◆ **Assignment**: Every record below must be copied exactly, with images dropped.

------------------------------------

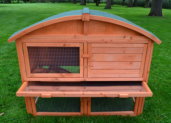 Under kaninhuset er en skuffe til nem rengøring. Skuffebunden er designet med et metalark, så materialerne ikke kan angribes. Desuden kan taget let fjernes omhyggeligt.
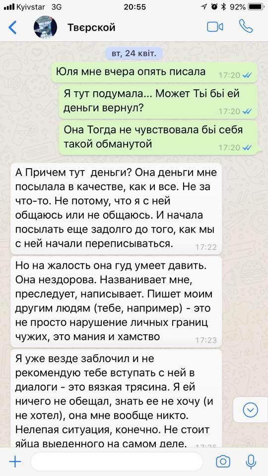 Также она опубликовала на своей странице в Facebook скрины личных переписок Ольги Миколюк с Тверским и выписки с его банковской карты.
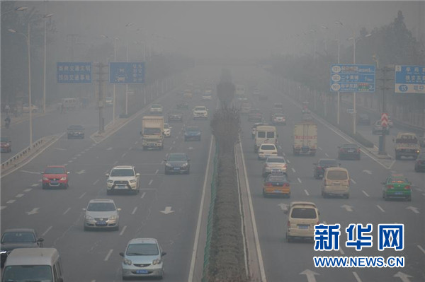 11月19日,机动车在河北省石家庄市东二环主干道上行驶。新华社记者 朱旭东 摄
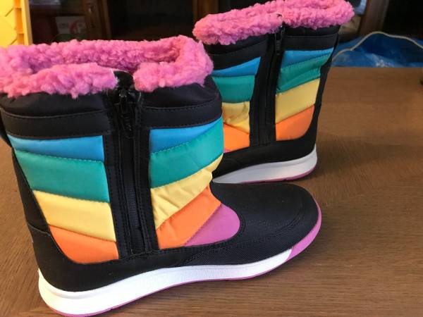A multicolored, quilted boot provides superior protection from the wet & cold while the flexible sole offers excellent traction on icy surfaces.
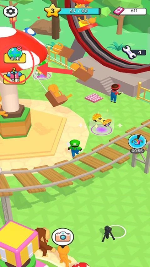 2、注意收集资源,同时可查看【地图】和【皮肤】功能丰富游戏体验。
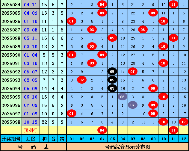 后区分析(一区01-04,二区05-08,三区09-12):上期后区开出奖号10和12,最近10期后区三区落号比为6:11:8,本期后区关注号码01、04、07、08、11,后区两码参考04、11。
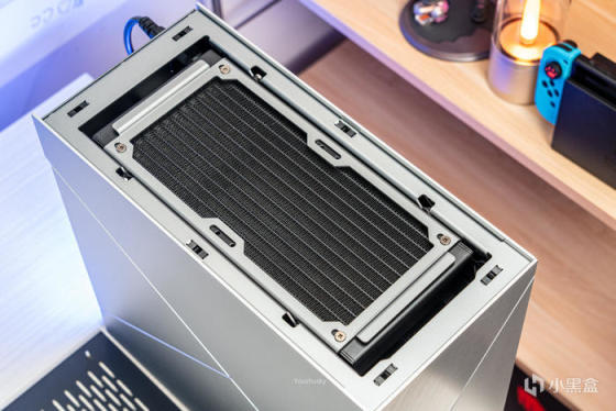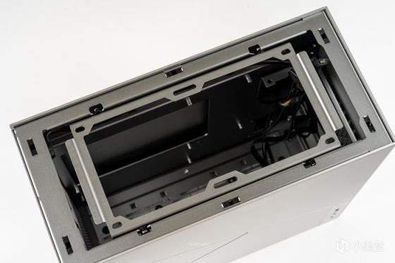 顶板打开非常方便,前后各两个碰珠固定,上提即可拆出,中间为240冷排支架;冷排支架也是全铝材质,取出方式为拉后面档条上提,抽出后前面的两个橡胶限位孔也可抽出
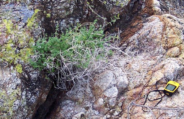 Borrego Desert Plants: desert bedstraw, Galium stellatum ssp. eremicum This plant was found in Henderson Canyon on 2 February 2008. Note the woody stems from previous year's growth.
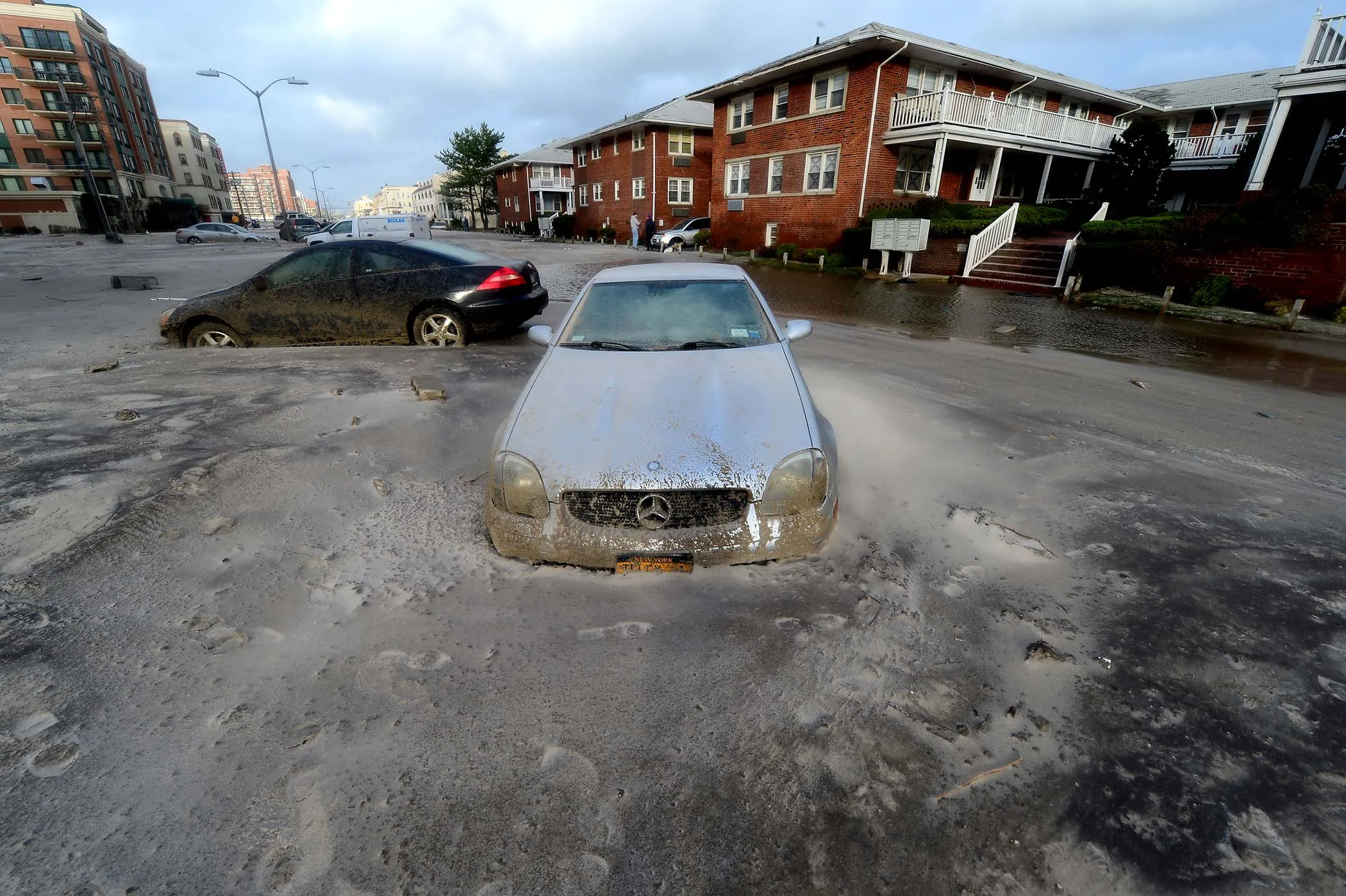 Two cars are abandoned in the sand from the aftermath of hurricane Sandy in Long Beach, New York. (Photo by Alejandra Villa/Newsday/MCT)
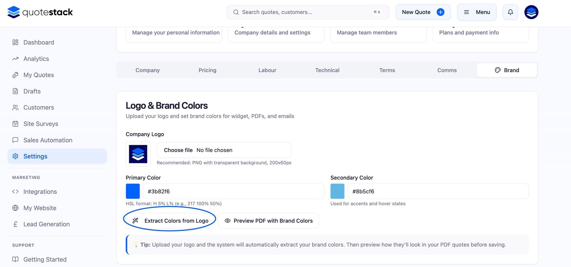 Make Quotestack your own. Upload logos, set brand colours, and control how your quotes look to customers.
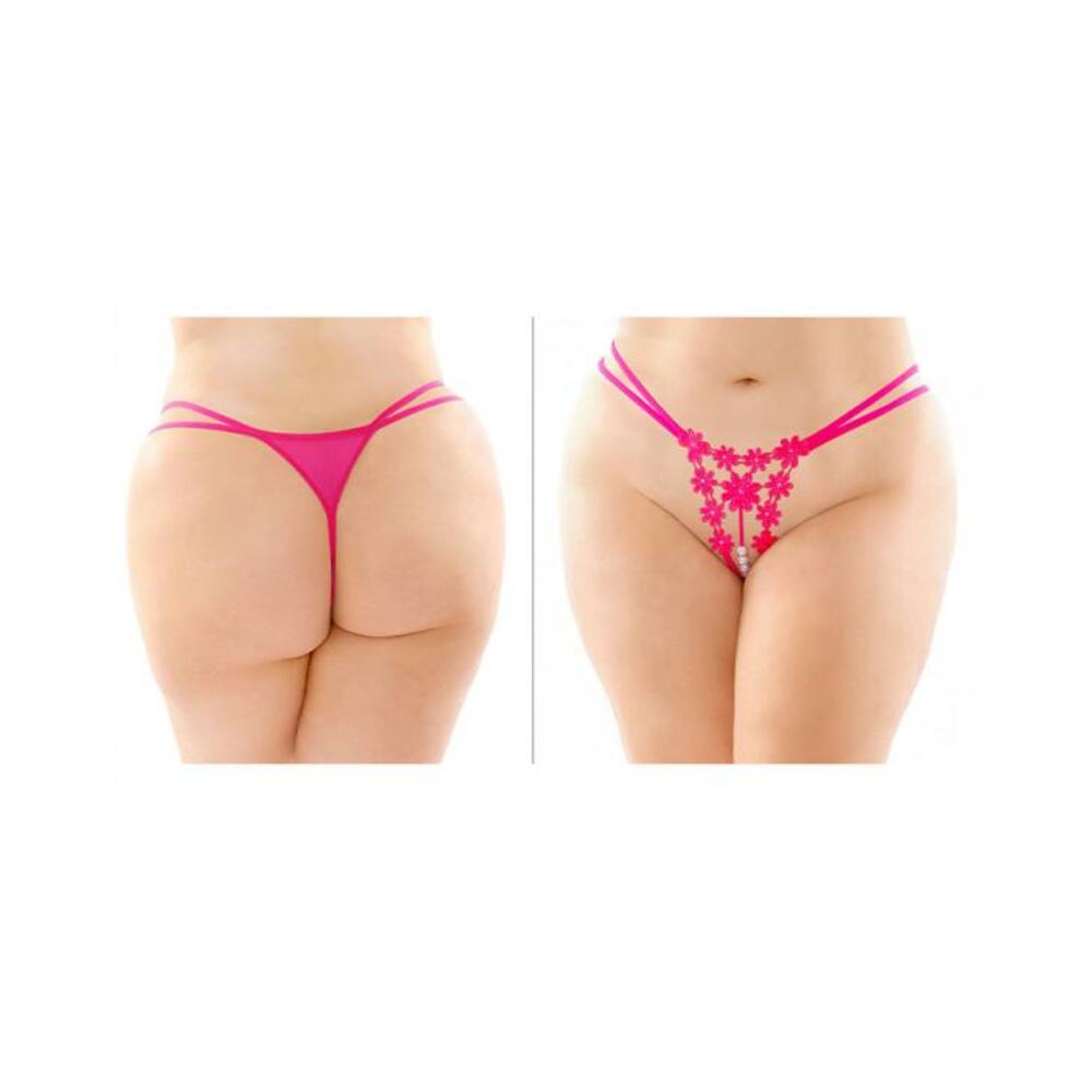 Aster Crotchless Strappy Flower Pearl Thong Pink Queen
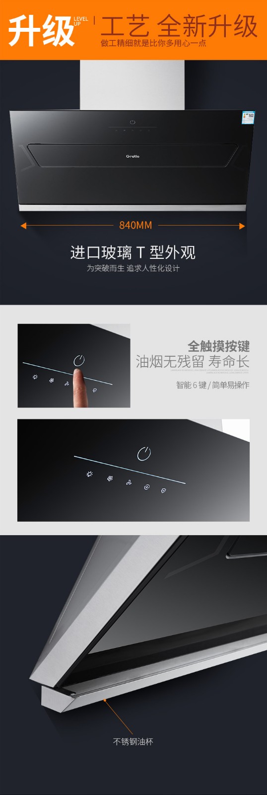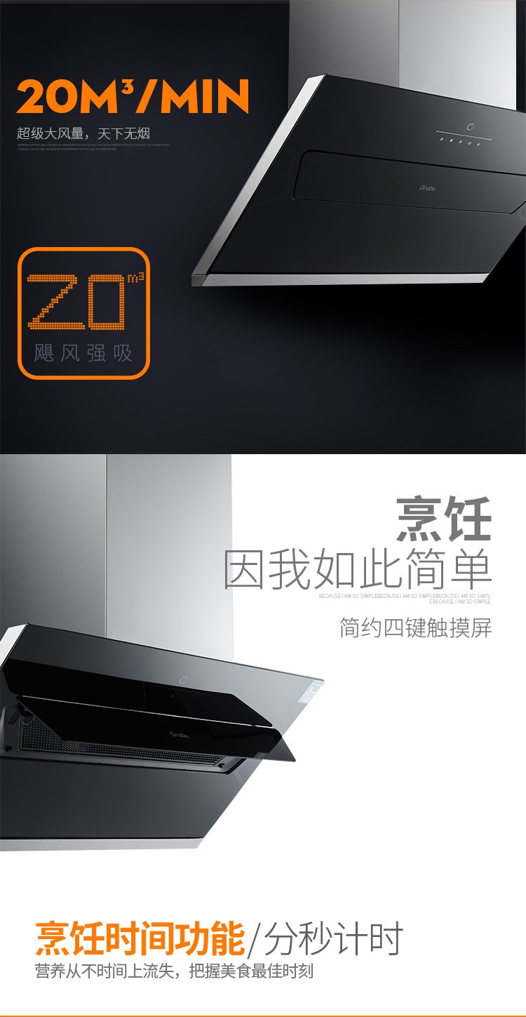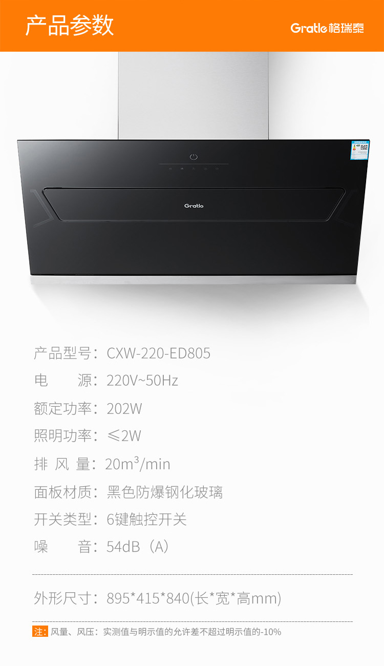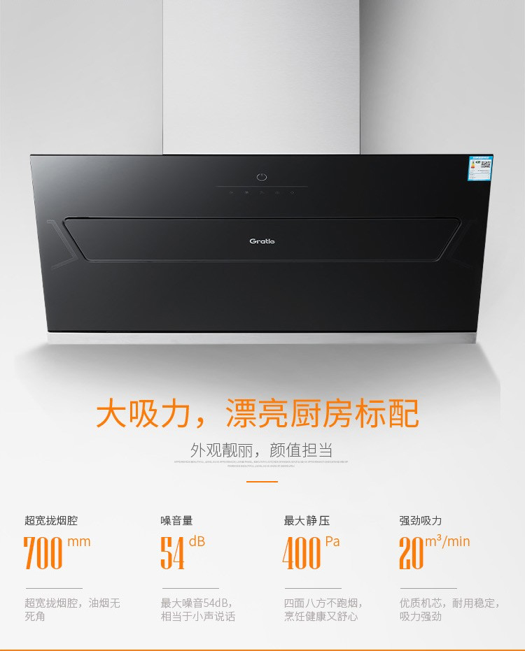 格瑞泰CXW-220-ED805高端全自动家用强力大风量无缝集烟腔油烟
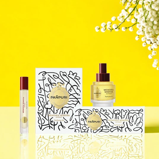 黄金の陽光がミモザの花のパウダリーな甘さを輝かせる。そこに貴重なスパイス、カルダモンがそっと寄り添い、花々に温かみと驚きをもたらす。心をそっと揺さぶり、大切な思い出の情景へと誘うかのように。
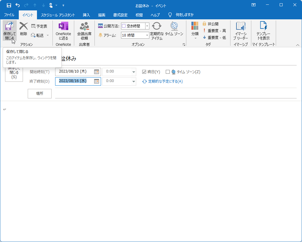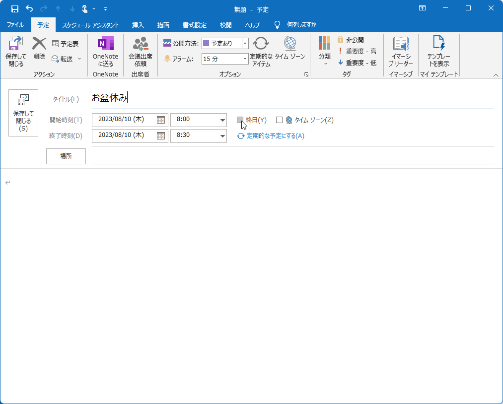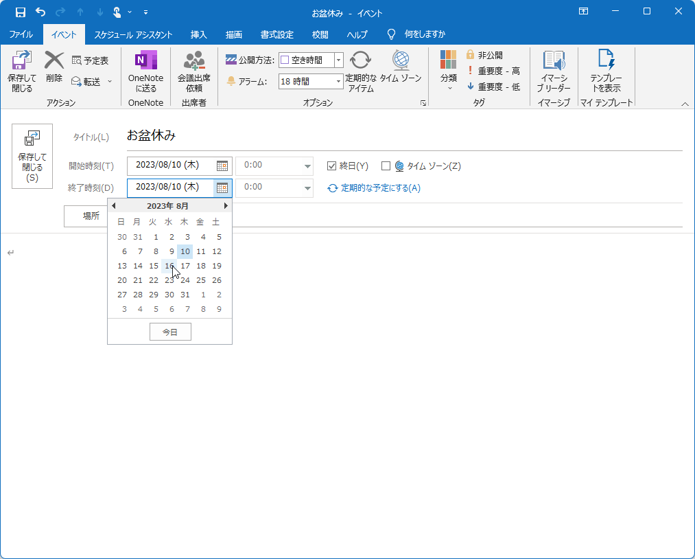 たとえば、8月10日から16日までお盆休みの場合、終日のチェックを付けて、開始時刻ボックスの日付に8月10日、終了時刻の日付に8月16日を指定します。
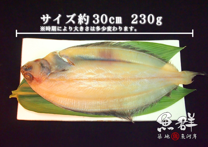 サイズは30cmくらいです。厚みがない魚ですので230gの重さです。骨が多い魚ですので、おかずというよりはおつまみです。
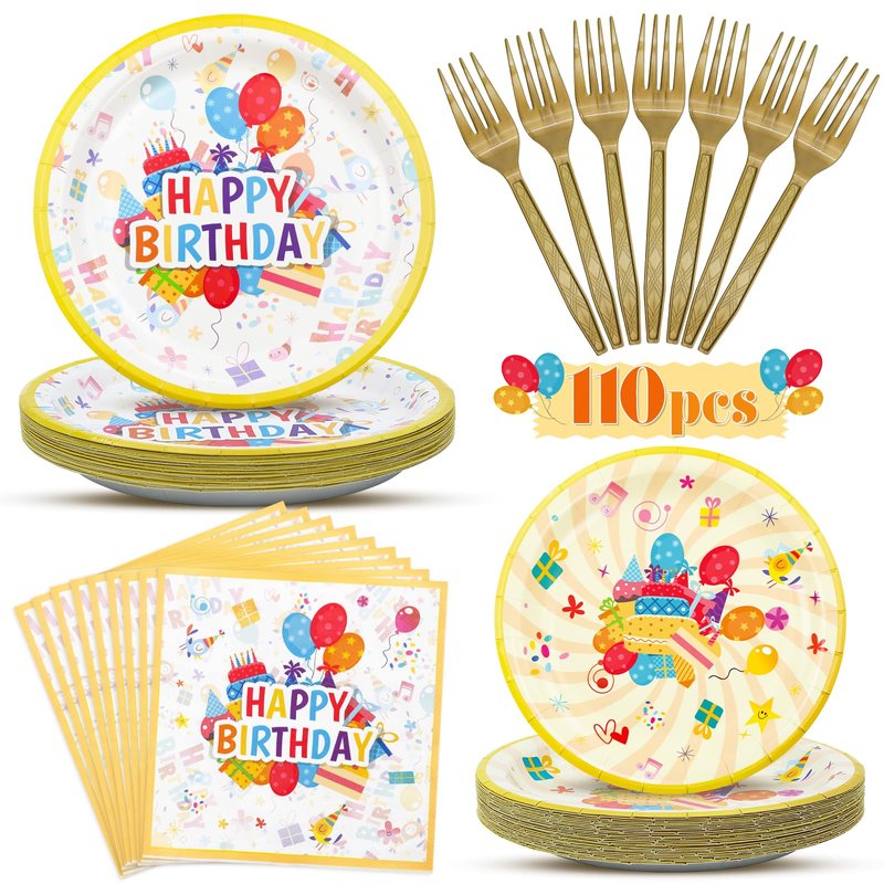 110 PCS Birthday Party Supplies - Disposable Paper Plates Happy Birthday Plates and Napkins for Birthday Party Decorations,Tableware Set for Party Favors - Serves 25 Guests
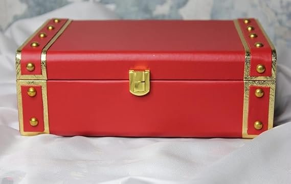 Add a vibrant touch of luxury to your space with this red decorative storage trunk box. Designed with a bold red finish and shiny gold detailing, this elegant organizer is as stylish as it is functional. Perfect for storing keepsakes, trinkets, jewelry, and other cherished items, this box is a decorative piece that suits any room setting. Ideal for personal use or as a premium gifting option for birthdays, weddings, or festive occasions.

------------------------------------

◆ **Solution to this problem**:
 Under kaninhuset er en skuffe til nem rengøring. Skuffebunden er designet med et metalark, så materialerne ikke kan angribes. Desuden kan taget let fjernes omhyggeligt.
 Также она опубликовала на своей странице в Facebook скрины личных переписок Ольги Миколюк с Тверским и выписки с его банковской карты.
 11月19日,机动车在河北省石家庄市东二环主干道上行驶。新华社记者 朱旭东 摄
A multicolored, quilted boot provides superior protection from the wet & cold while the flexible sole offers excellent traction on icy surfaces.
 2、注意收集资源,同时可查看【地图】和【皮肤】功能丰富游戏体验。
 后区分析(一区01-04,二区05-08,三区09-12):上期后区开出奖号10和12,最近10期后区三区落号比为6:11:8,本期后区关注号码01、04、07、08、11,后区两码参考04、11。
 顶板打开非常方便,前后各两个碰珠固定,上提即可拆出,中间为240冷排支架;冷排支架也是全铝材质,取出方式为拉后面档条上提,抽出后前面的两个橡胶限位孔也可抽出
 Borrego Desert Plants: desert bedstraw, Galium stellatum ssp. eremicum This plant was found in Henderson Canyon on 2 February 2008. Note the woody stems from previous year's growth.
 Two cars are abandoned in the sand from the aftermath of hurricane Sandy in Long Beach, New York. (Photo by Alejandra Villa/Newsday/MCT)
 Make Quotestack your own. Upload logos, set brand colours, and control how your quotes look to customers.
 Aster Crotchless Strappy Flower Pearl Thong Pink Queen
 格瑞泰CXW-220-ED805高端全自动家用强力大风量无缝集烟腔油烟
 黄金の陽光がミモザの花のパウダリーな甘さを輝かせる。そこに貴重なスパイス、カルダモンがそっと寄り添い、花々に温かみと驚きをもたらす。心をそっと揺さぶり、大切な思い出の情景へと誘うかのように。
 たとえば、8月10日から16日までお盆休みの場合、終日のチェックを付けて、開始時刻ボックスの日付に8月10日、終了時刻の日付に8月16日を指定します。
 サイズは30cmくらいです。厚みがない魚ですので230gの重さです。骨が多い魚ですので、おかずというよりはおつまみです。
 110 PCS Birthday Party Supplies - Disposable Paper Plates Happy Birthday Plates and Napkins for Birthday Party Decorations,Tableware Set for Party Favors - Serves 25 Guests
 Add a vibrant touch of luxury to your space with this red decorative storage trunk box. Designed with a bold red finish and shiny gold detailing, this elegant organizer is as stylish as it is functional. Perfect for storing keepsakes, trinkets, jewelry, and other cherished items, this box is a decorative piece that suits any room setting. Ideal for personal use or as a premium gifting option for birthdays, weddings, or festive occasions.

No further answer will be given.